• _Your objective_: Word for word, retype the lines from the one containing "滞在中にプレイヤーが席を離れ" to the one containing "午前のおやつの時間です。 みんなそろってごあいさつ♪ お菓子や牛乳など軽食をいただきます。" below, keeping both end lines and dropping the pictures.

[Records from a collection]
•••

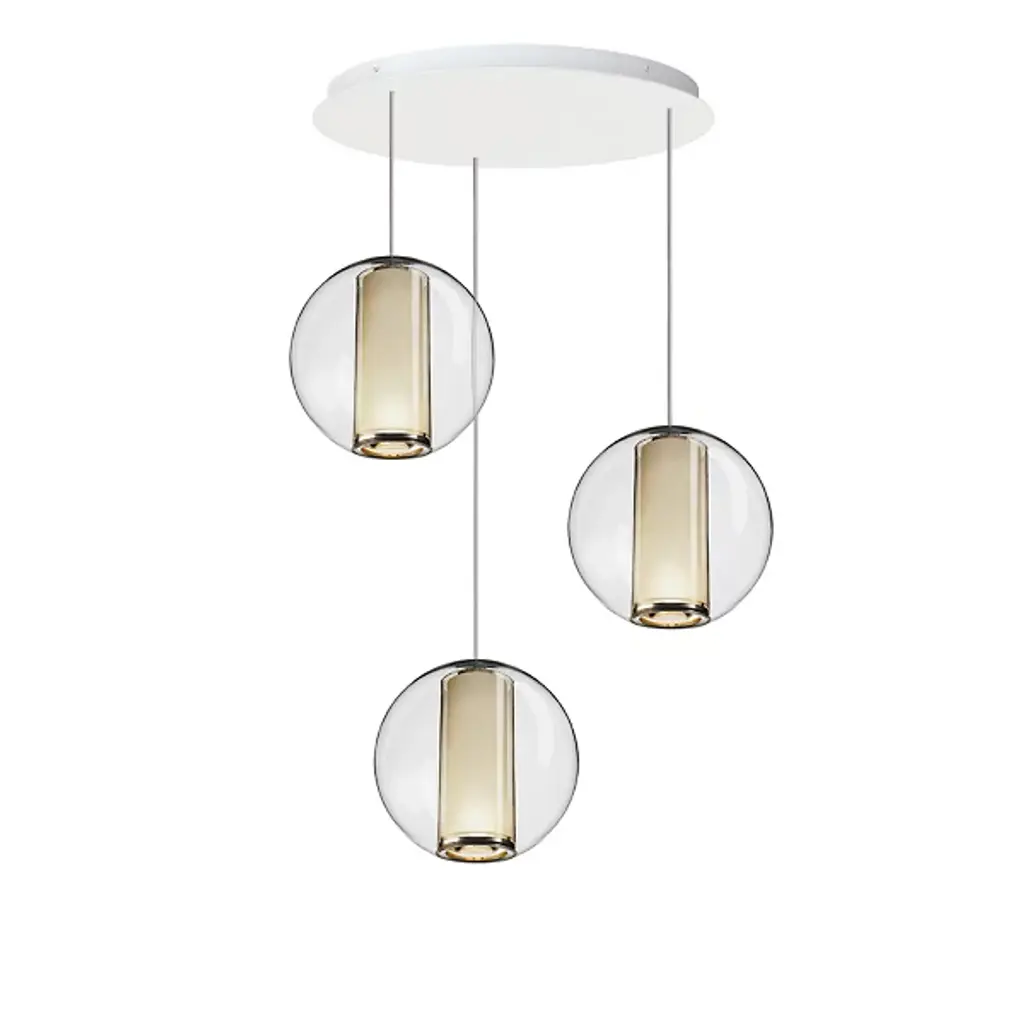 Riflessi is a pendant lamp made of Murano glass. Its wavy blown glass diffuses a soft, fragmented light that evokes the shimmering reflections of the sea in the gentle motion of the Venetian lagoon. Available in multiple versions and customizable with a range of finishes, this lamp illuminates and decorates with both delicacy and character, blending seamlessly into contemporary living spaces.
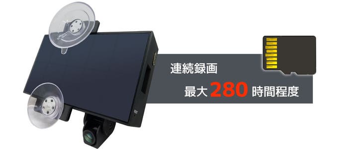 最大512GBのmicroSDカードまで対応しており、大容量のmicroSDカードのご使用で約280時間もの長時間録画が可能です。(512GBのmicroSDカード使用時)
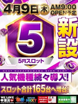 5円スロット新設、スロット増台(計165台)
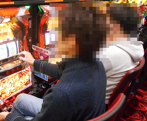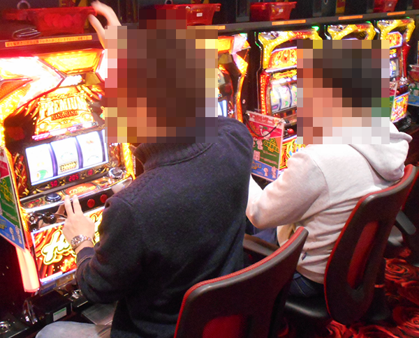 滞在中にプレイヤーが席を離れることはなく、機種の魅力をじっくりと味わえている模様。にこやかな表情も変わらず、2人から伝わってくるムードは明るいままであった。
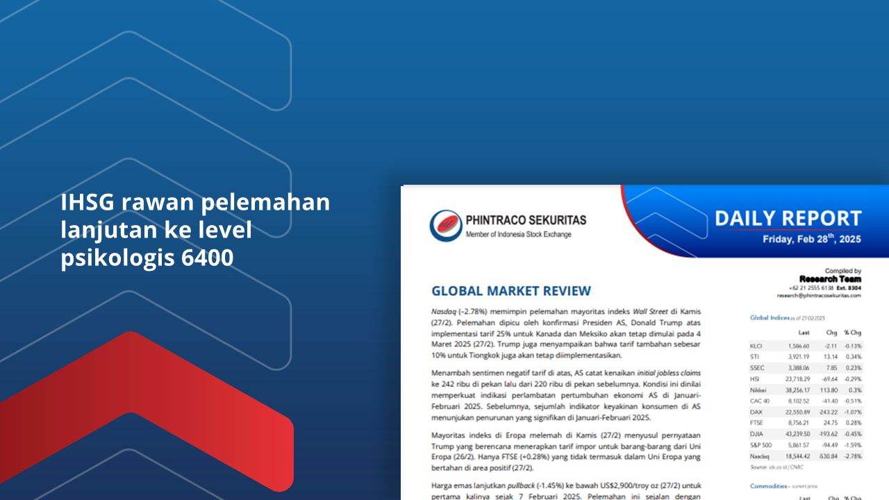 Nasdaq (+0.26%) catatkan technical rebound, sementara DJIA (-0.43%) berbalik melemah di Rabu (26/2). Dalam pertemuan kabinet pertamanya, Presiden AS, Donald Trump kembali mengkonfirmasi implementasi tarif untuk Kanada dan Meksiko. Dalam...
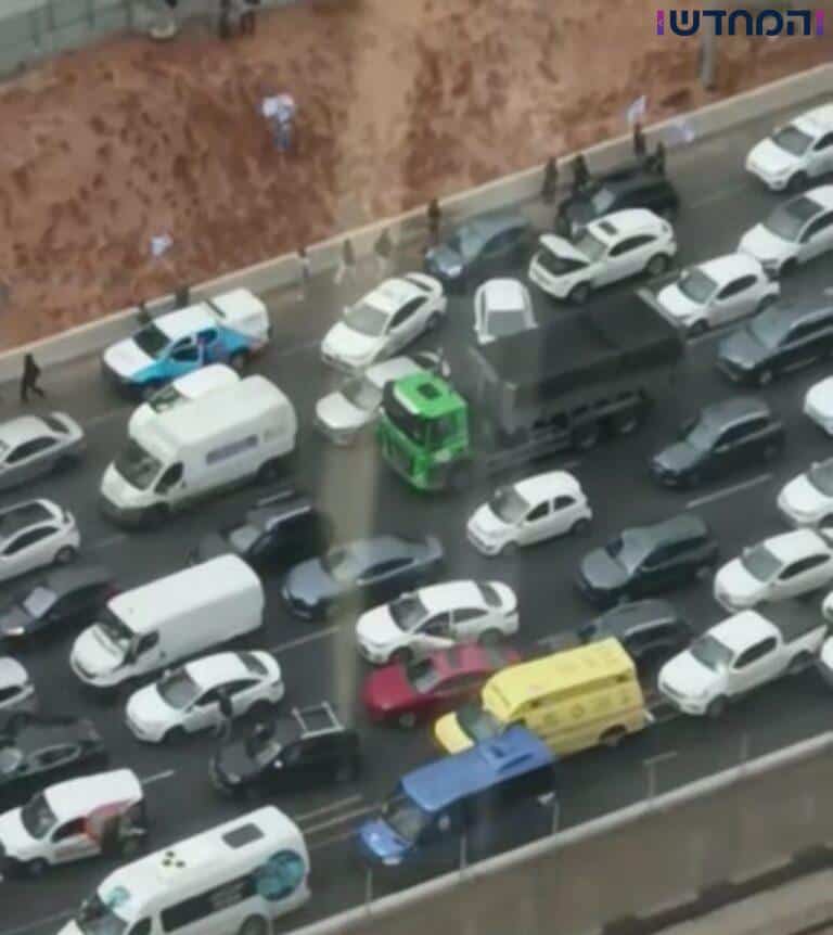 מפגינים מהשמאל חוסמים כבר מעל שעה את נתיבי איילון •צפו בתיעוד בו ניתן לראות ניידת טיפול נמרץ מתקשה לפלס את דרכה בין מפגיני השמאל
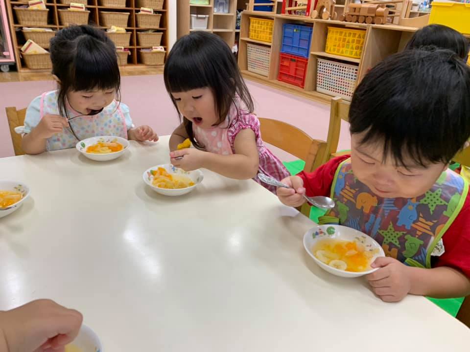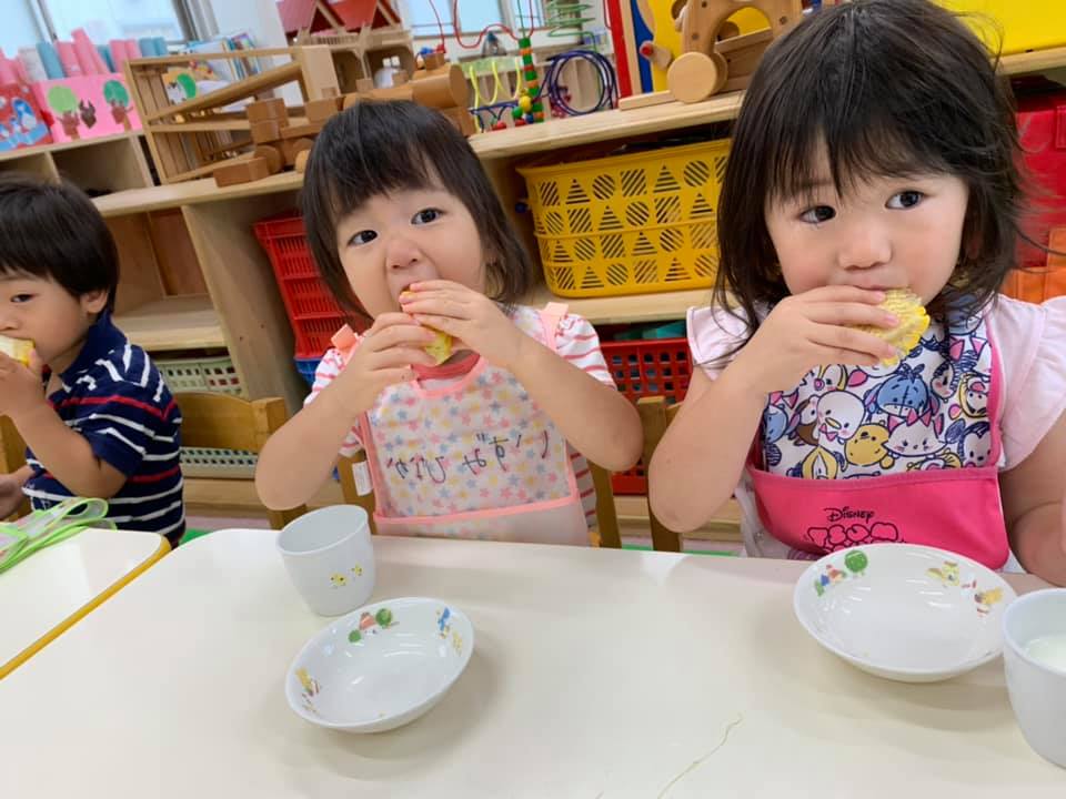 午前のおやつの時間です。 みんなそろってごあいさつ♪ お菓子や牛乳など軽食をいただきます。
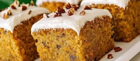 IngredientsFor the cake: 2 teaspoons baking powder 2 cups (250g) all-purpose flour 1/2 teaspoon salt 1/2 teaspoon baking soda 1/2 teaspoon ground nutmeg 1 cup (200g) granulated sugar 1 teaspoon ground cinnamon 4 large eggs 1 cup (240ml) vegetable oil 1/2 cup (120g) chopped walnuts or pecans (optional) 2 cups (240g) grated carrots For the cream cheese frosting: 8 oz (225g) cream cheese, softened 2 cups (250g) powdered sugar 1/2 cup (115g) unsalted butter, softened 1 teaspoon vanilla extract Chopped nuts for garnish (optional) Instructions Preheat your oven to 350°F (180°C). Line a square baking pan with parchment paper or grease it well.In a medium bowl, whisk together the flour, baking powder, baking soda, salt, cinnamon, and nutmeg.In a large bowl, mix the sugar and vegetable oil until smooth. Add eggs one at a time, mixing well after each addition.Gradually fold in the dry ingredients, followed by the grated carrots and nuts, if using.Pour the batter into the prepared pan and spread it evenly. Bake for 35–40 minutes, or until a toothpick inserted into the center comes out clean. Allow it to cool completely.To prepare the frosting, beat the cream cheese and butter until smooth and creamy. Gradually add powdered sugar and vanilla extract, mixing until fluffy.Spread the frosting evenly over the cooled cake. Garnish with chopped nuts, if desired.Slice into squares and serve.Enjoy!!
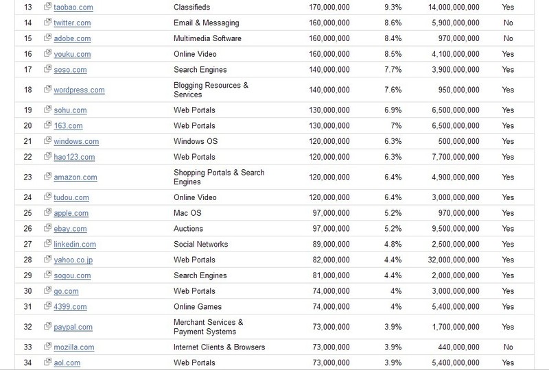 Google正式更新了全球排名前100名的網站排行版信息,國內百度擠入第8名,獨立訪問量3.1億,QQ排名第10名,獨立訪問是 2.5億,Facebook穩坐名獨立訪問量為8.7億,58同城上升到在第78位,姚建波在微博表示,爭取今年進入全球前58名,相信對于國內90%的站長來說還是個夢,繼續努力。
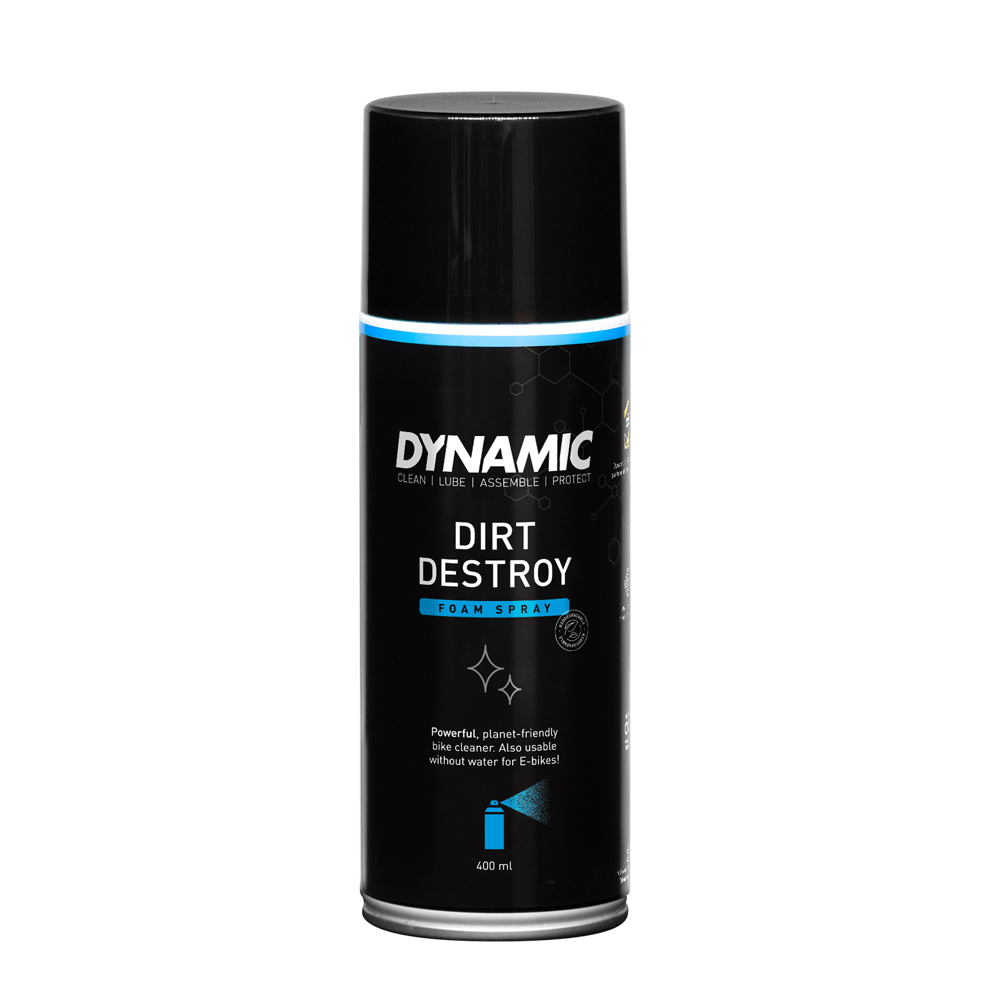 Dirt Destroy Spray od značky Dynamic je výkonný penový čistič navrhnutý špeciálne pre bicykle vrátane športových elektrobicyklov – bez vody, bez kompromisov. Tento biologicky odbúrateľný sprej šetrne, no účinne odstráni špinu z rámu, komponentov aj ťažko prístupných miest. Bezpečne ho použiješ na karbón, hliník, gumu, keramiku i ďalšie bežné materiály. Stačí nastriekať, nechať pôsobiť 2–3 minúty a opláchnuť – alebo len zotrieť handričkou, ak si práve na cestách. Skvele si poradí aj s osviežením textílií, ako sú rukavice či prilba.

•••

• _Output of the task_:
 滞在中にプレイヤーが席を離れることはなく、機種の魅力をじっくりと味わえている模様。にこやかな表情も変わらず、2人から伝わってくるムードは明るいままであった。
 Nasdaq (+0.26%) catatkan technical rebound, sementara DJIA (-0.43%) berbalik melemah di Rabu (26/2). Dalam pertemuan kabinet pertamanya, Presiden AS, Donald Trump kembali mengkonfirmasi implementasi tarif untuk Kanada dan Meksiko. Dalam...
 מפגינים מהשמאל חוסמים כבר מעל שעה את נתיבי איילון •צפו בתיעוד בו ניתן לראות ניידת טיפול נמרץ מתקשה לפלס את דרכה בין מפגיני השמאל
 午前のおやつの時間です。 みんなそろってごあいさつ♪ お菓子や牛乳など軽食をいただきます。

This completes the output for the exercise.